Dataset excerpts:
══════════

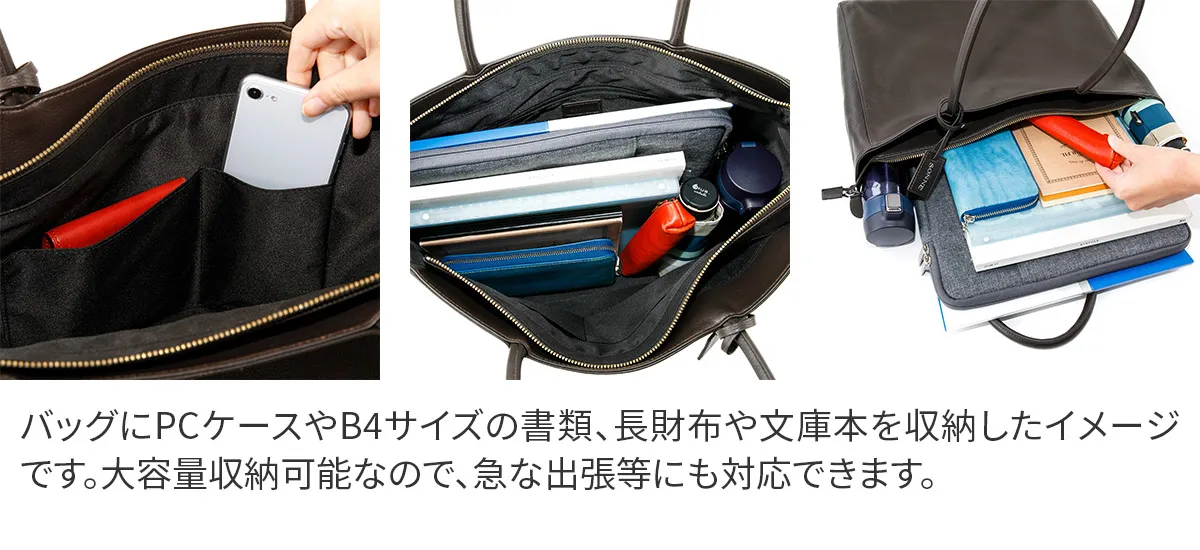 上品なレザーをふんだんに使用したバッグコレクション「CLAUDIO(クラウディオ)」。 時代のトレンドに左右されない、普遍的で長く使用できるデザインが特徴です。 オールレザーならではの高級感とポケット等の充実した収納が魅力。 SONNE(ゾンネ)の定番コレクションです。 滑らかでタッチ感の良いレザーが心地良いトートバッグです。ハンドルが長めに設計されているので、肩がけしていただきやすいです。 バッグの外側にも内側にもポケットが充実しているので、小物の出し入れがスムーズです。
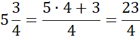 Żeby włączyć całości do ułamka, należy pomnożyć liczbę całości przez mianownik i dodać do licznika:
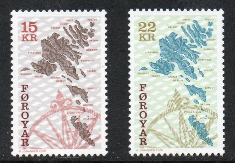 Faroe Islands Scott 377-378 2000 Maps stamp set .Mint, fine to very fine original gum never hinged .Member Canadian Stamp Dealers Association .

══════════

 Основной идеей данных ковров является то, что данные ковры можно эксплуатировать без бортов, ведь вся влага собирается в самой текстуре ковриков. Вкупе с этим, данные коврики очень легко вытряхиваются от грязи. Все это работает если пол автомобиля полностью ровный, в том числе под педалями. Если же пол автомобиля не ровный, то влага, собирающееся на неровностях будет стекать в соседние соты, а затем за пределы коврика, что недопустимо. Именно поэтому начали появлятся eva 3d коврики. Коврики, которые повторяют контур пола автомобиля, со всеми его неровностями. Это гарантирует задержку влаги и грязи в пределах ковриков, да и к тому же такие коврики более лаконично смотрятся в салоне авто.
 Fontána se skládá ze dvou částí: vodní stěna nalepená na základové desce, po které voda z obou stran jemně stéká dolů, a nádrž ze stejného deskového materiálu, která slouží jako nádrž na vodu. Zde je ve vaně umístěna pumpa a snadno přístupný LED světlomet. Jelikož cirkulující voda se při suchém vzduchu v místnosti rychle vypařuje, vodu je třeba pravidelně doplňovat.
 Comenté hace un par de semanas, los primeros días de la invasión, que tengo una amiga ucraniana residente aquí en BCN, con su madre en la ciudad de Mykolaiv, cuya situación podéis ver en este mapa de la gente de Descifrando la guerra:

══════════

Exercise description:
In the listing above, find the line with "Żeby włączyć całości" and the line with "Faroe Islands Scott". Transcribe those two and everything between, exactly, leaving out pictures.

Output:
 Żeby włączyć całości do ułamka, należy pomnożyć liczbę całości przez mianownik i dodać do licznika:
 Faroe Islands Scott 377-378 2000 Maps stamp set .Mint, fine to very fine original gum never hinged .Member Canadian Stamp Dealers Association .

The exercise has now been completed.